Moreover, up until that day, Daddy had been invincible; as far as I was concerned, he could do anything. So to get stumped on a matter as seemingly inconsequential to a child’s mind like a broken down vehicle shattered the illusions I had of his invincibility.

It did not matter that as at the time my father was between personal cars; the Station Wagon being an official car assigned to him in his then role as chief superintendent of the Port Harcourt Prisons.
Yet, till this day I continue to interrogate that situation, even fictionalising elements of it once in a story that still didn’t exorcise the worries over that occasion.

When I sat down to write this piece, I wondered what Daddy would have made of the lamentations that many of us pour forth each day over the disappointment President Muhammadu Buhari has become. Not much, most likely. I do not recall him having strong opinions about the government of the day. Perhaps it’s a civil servant thing. Or maybe he learned such taciturnity from being stuck in Biafra throughout the Civil War. I, on the other hand, struggle with such tact.

When, as the saying goes, e don do me, e don do me! I go talk wetin dey my mind and maybe enter trouble on top di matter.
At one point, I was so lost that there were days I would actually sit and cry from loneliness and the pain it can inflict. I’d been so close to my father throughout my childhood that it is only recently I’ve come to accept that I missed him so much to the point of being mad at him for dying and leaving me rudderless at some of the points I needed him most.

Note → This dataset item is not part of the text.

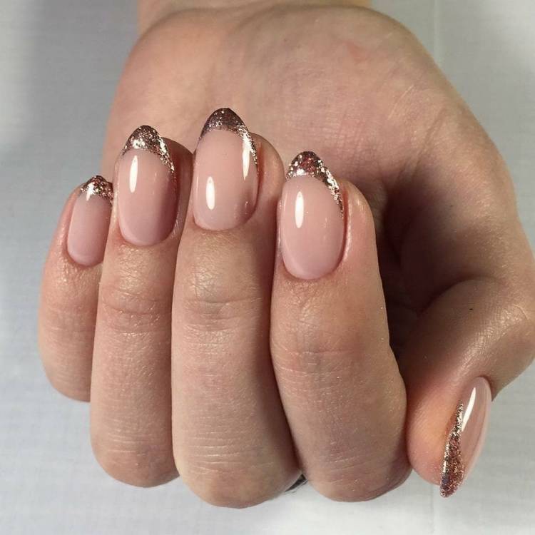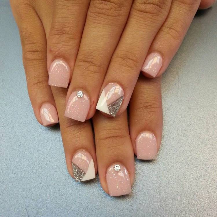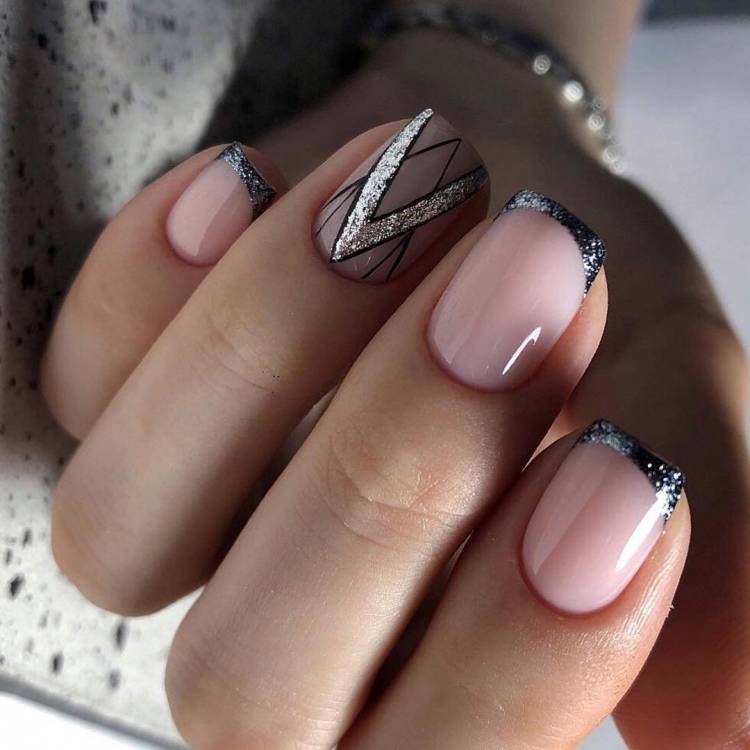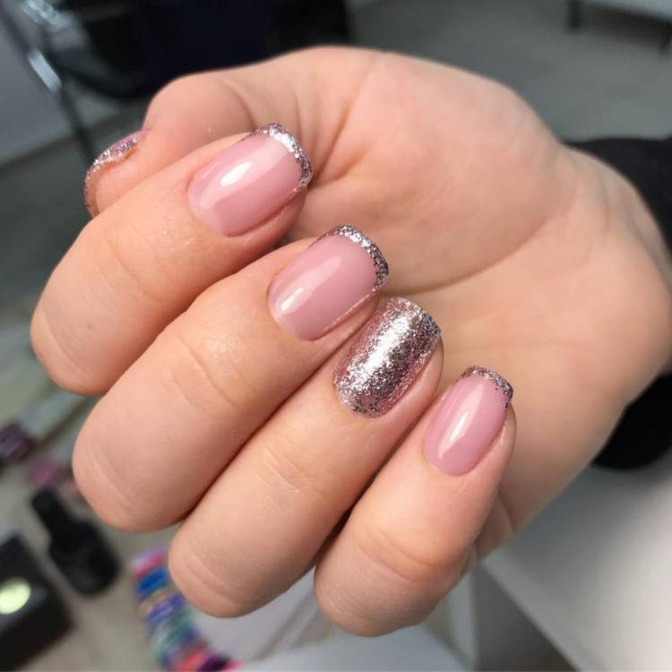 Необов’язково робити френч із блискітками на кожному пальці. Можна поєднувати між собою блискітки та колір. Проте стилісти не рекомендують використовувати кілька відтінків одразу. Краще вибирати пари: білий-срібний, чорний-золотий та ін. Так манікюр виглядатиме естетично привабливіше.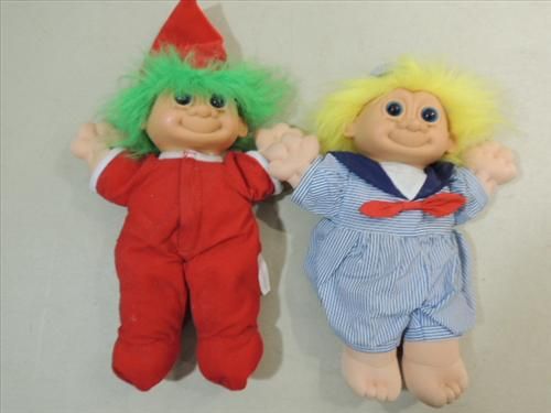 LOT 2 1990 RUSS 11" PLUSH ELF & BOY TROLL DOLL. AS SHOWN. VIEW PICTURE FOR DETAIL.

Whatever my father’s shortcomings as a human, I am reminded that he was slow to anger and very careful with his words. I never heard him utter a swear word. I never saw him exchange angry words with my mother. He also had an easy and ready smile, finding humour in most situations. For instance, he would say driving on a potholed road was just a disco dance. If you came around him with a bag dangling from your shoulder, he would ask if you’d become a native doctor. Anybody straggling on the roadside was afongho etebe (sorry folks, no interpretation).

As I dig myself out of a recent mind-debilitating bout of depression, the kind where you wish everyday that the world would just end so you don’t have to participate anymore, I wonder if he ever faced such ordeals. If he did, how did he handle it? Put on a smile and face the world?
Whatever the case may be, I know this: like my late mother, he had a great work ethic. Come rain or shine, he got up early, polished his shoes, put on his well-ironed uniform, and went to work.

Even when he had become a senior officer, 7am will not meet my father at home.
That said, his absence, or more specifically, the absence of his fatherly guidance has made me an iconoclast of sorts with consequences both good and bad. I have broken with tradition and will encourage my offspring to do same, for I have come to believe nothing new and worthwhile can come from tradition.

As tributes go, I am not sure what to make of this long, rambling piece. So perhaps it is better to say the one thing I absolutely must say and bring things to a close: Dear family, friends, and total strangers from across the Facebook universe, let me introduce you to my father who passed away 20 years ago. Meet Mr Crispin Akpan Inoh, retired Assistant Comptroller General of Prisons. My dear father, I am proud to be your son. Please forgive all my youthful stupidities and continue to rest in peace.